Masyarakat, khususnya yang beraktivitas di sekitar perairan dan lokasi penemuan sampan, diimbau untuk tetap memperhatikan kondisi lingkungan dan segera melaporkan kepada aparat apabila menemukan tanda-tanda atau petunjuk yang berkaitan dengan keberadaan korban.
Pihak keluarga korban juga telah menerima penjelasan langsung dari tim SAR dan pemerintah setempat terkait prosedur, hasil pencarian, serta alasan penghentian operasi.
Posko Informasi Pemerintah Kecamatan Reteh Update Terakhir: 23 April 2026
Camat Reteh menyampaikan bahwa keputusan penghentian operasi telah melalui pertimbangan matang di lapangan.
“Kami bersama tim SAR gabungan telah melakukan pencarian secara maksimal selama dua hari dengan menyisir sejumlah titik yang diduga menjadi lokasi aktivitas korban.

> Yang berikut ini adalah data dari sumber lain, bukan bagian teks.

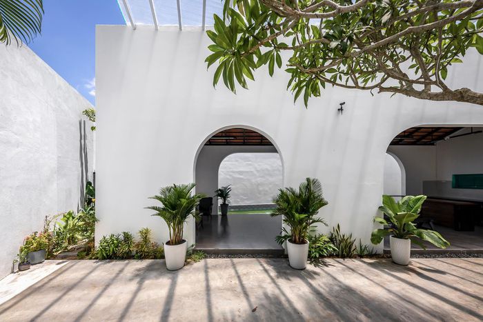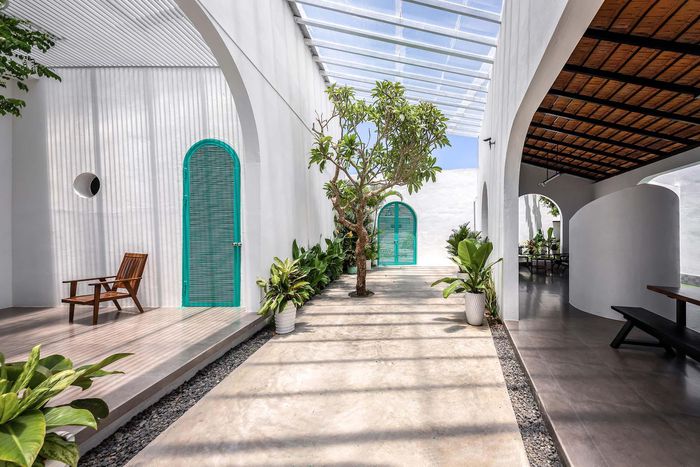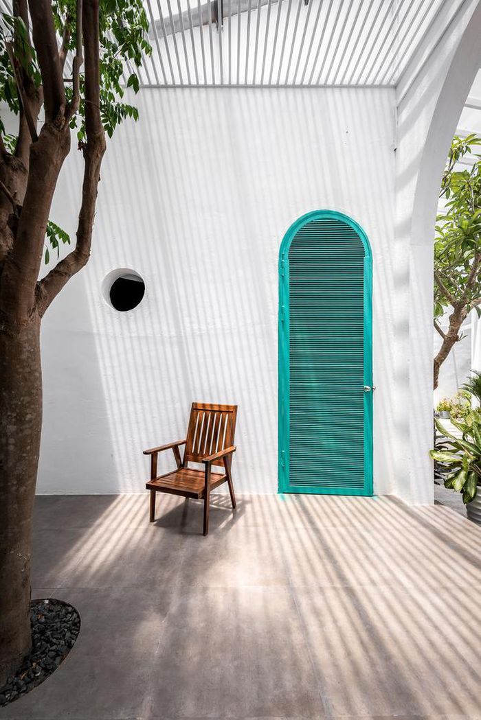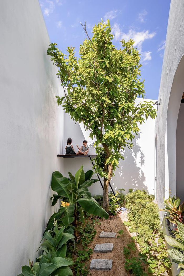 Do chi phí đầu tư và kỹ thuật thi công cửa kính khổ lớn tại địa phương còn hạn chế, nhóm thiết kế không lắp kính cho những ô cửa mà xây thêm một lớp tường rào bao quanh, đảm bảo an toàn và riêng tư.

Namun hingga saat ini, hasil yang diperoleh baru sebatas penemuan sampan korban tanpa awak. Berdasarkan evaluasi teknis, operasi pencarian skala besar untuk sementara dihentikan,” ujarnya.
Ia juga menegaskan bahwa penghentian operasi bukan berarti upaya pencarian sepenuhnya berakhir.
“Kami tetap membuka ruang informasi dari masyarakat. Jika ada temuan atau petunjuk baru, tentu akan segera ditindaklanjuti. Peran masyarakat sangat kami harapkan dalam situasi ini,” tambahnya.
Perwakilan tim SAR gabungan turut menjelaskan kondisi di lapangan selama proses pencarian berlangsung.
“Tim telah melakukan penyisiran baik melalui jalur perairan maupun darat dengan mempertimbangkan titik terakhir aktivitas korban. Kondisi arus dan lingkungan menjadi salah satu faktor yang turut mempengaruhi proses pencarian,” jelasnya.
Sementara itu, pihak keluarga korban menyampaikan harapan agar pencarian tetap mendapat perhatian.
“Kami berharap jika ada warga yang menemukan tanda-tanda keberadaan keluarga kami, bisa segera memberikan informasi. Kami masih berharap ada kejelasan,” ungkap perwakilan keluarga dengan nada haru.